October 03, 2011

Ben Moorad

MAT ’98, nonprofit consultant
MAT ’98, nonprofit consultant

 

You followed a nontraditional career path after getting your teaching degree; now you work with nonprofits. What’s the thread that connects these two things?

It’s listening to people where they are and helping them get to where they want to be. With Write Around Portland, a nonprofit I co-founded 10 years ago, writing workshops are about building community through mutual respect and human connection. The medium of exchange there is stories. With the Returning Veterans Project, which is an organization I ran for about a year, the mission is about connecting people—veterans and their families who are affected by the trauma of war—with help, so they can express themselves again as human beings. With all the nonprofit consulting that I’ve done, it’s pretty much the same.

What has stuck with you most from your experience at Lewis & Clark?

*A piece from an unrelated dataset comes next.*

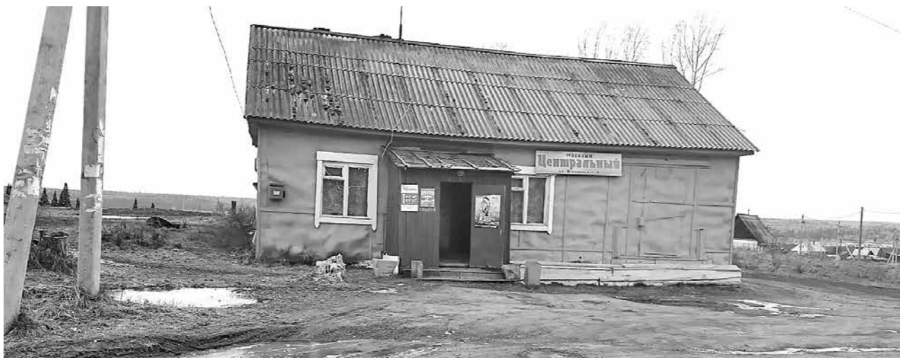
Придумать «притягательное» название – целая наука. И вот теперь ученые готовы помочь в этом хозяевам фирм и торговых точек.

Были в анкете и простые слова, такие как «абрикос». И, конечно, большинство опрошенных считает, что так можно назвать фруктово-овощной магазин или рынок.

The most important part of my Lewis & Clark education was my student teaching experience and the freedom and support I was given. I was given the chance to experiment quite a bit, to try different ways of connecting with different people to reach different goals. Any time I had a question, there were very knowledgeable people who could answer it—but it was never a pedantic answer, it was never overly directive. It was aimed to help me figure out my own way of solving that problem. Just in that student teaching experience I got an in-depth and hands-on experience of creative inquiry. I found that very powerful.